ABOUT THIS TASK: The line with "Boczek/kiełbasę pokroić w", the line with "고양이 그릇 안티 노크", and all lines between them in the material below: return these exactly, and no others.

DATA UNDER STUDY:
- - -
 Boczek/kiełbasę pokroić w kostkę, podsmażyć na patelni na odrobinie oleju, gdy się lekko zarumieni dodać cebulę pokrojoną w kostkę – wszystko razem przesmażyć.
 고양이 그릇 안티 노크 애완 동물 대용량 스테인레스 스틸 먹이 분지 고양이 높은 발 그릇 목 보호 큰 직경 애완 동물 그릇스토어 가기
- - -
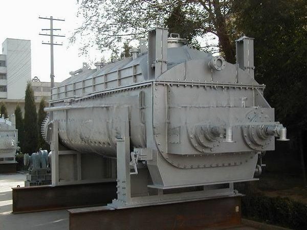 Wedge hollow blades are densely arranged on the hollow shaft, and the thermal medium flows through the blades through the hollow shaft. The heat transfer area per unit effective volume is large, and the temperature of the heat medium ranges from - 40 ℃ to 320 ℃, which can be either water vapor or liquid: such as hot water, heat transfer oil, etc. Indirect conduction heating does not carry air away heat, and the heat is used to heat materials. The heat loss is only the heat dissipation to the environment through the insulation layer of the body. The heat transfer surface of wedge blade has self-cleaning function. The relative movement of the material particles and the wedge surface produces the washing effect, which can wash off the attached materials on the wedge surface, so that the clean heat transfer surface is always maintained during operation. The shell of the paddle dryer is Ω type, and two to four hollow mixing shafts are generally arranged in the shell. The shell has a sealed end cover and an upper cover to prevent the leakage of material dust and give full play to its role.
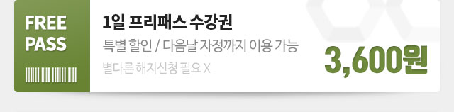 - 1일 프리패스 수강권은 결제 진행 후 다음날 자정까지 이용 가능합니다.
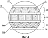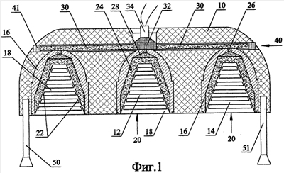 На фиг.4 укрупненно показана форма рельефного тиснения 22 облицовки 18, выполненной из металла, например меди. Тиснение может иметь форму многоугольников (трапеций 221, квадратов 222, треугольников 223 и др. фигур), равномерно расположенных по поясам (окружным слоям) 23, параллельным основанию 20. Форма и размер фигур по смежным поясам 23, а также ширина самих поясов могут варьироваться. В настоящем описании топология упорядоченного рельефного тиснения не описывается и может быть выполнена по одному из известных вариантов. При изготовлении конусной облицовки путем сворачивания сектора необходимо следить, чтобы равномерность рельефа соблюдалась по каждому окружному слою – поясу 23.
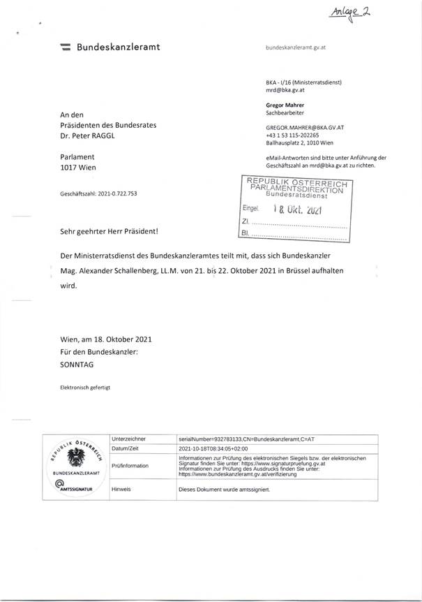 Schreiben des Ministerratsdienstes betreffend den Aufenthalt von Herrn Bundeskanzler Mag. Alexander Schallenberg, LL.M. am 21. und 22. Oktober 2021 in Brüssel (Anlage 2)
- - -
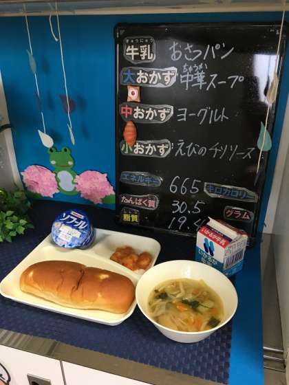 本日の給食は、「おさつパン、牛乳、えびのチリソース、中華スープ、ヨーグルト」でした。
- - -
EXERCISE OUTPUT:
 Boczek/kiełbasę pokroić w kostkę, podsmażyć na patelni na odrobinie oleju, gdy się lekko zarumieni dodać cebulę pokrojoną w kostkę – wszystko razem przesmażyć.
 고양이 그릇 안티 노크 애완 동물 대용량 스테인레스 스틸 먹이 분지 고양이 높은 발 그릇 목 보호 큰 직경 애완 동물 그릇스토어 가기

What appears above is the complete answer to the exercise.